Written by on November 13, 2018 


One of the most acclaimed films of the fall is Alfonso Cuarón’s Gravity follow-up ROMA, a gorgeous black-and-white drama set in Mexico City in the early ’70s as we follow a middle-class family, and specifically its nanny and housekeeper (Yalitza Aparicio). Rory O’Connor said in his review, “ROMA is comprised of a series of richly detailed vignettes, shot in deep-focus, in which the viewer can glance around, pluck out the most vibrant signs of life and thus string the narrative together. ”

Netflix has recently broken new ground in appeasing Cuarón, who clearly desires his film be shown in cinemas (a notion we have to agree with). They’ve announced an earlier theatrical release date for the film of November 21–three weeks prior to its Netflix bow–and have now given an official statement regarding the expansion, though don’t expect it any Alamo Drafthouses. Check out the statement below, along with a new trailer.

ROMA will have exclusive limited theatrical engagements starting November 21 in Los Angeles, New York and Mexico. Additional engagements in U.S. cities, Toronto and London will begin November 29 with other top U.S. markets and international territories continuing to roll out beginning December 5. The film will be released globally on Netflix on December 14 with an expanded theatrical release in the U.S. and international markets. In total, the film will be theatrically released in over 30 countries globally with 70mm presentations also being planned during the film’s theatrical release.

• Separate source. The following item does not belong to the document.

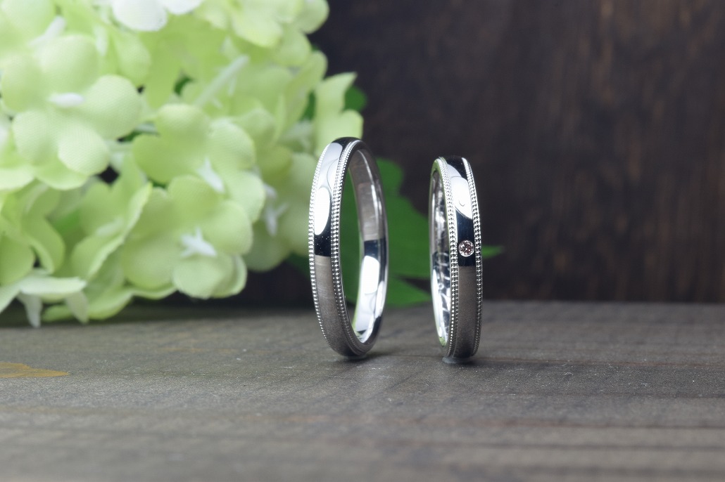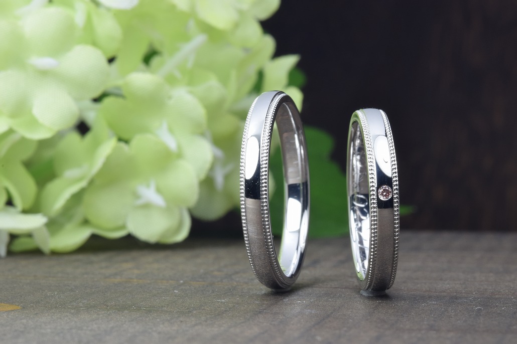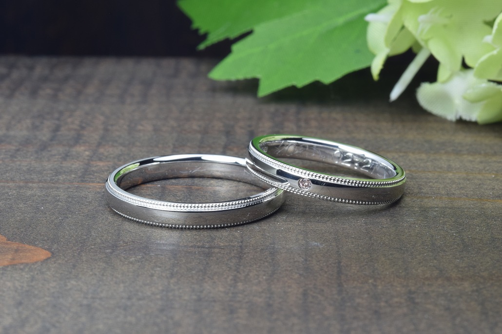 ミル打ちの技術もありますのでとても繊細に美しく入れる事が出来ます。彼のこだわりで18ホワイトゴールドでミル打ち&ピンクダイヤモンドの結婚指輪にご決定頂きました。

The most personal project to date from Academy Award®-winning director and writer Alfonso Cuarón (Gravity, Children of Men, Y Tu Mama Tambien), ROMA follows Cleo (Yalitza Aparicio), a young domestic worker for a family in the middle-class neighborhood of Roma in Mexico City. Delivering an artful love letter to the women who raised him, Cuarón draws on his own childhood to create a vivid and emotional portrait of domestic strife and social hierarchy amidst political turmoil of the 1970s. Cuarón’s first project since the groundbreaking Gravity in 2013.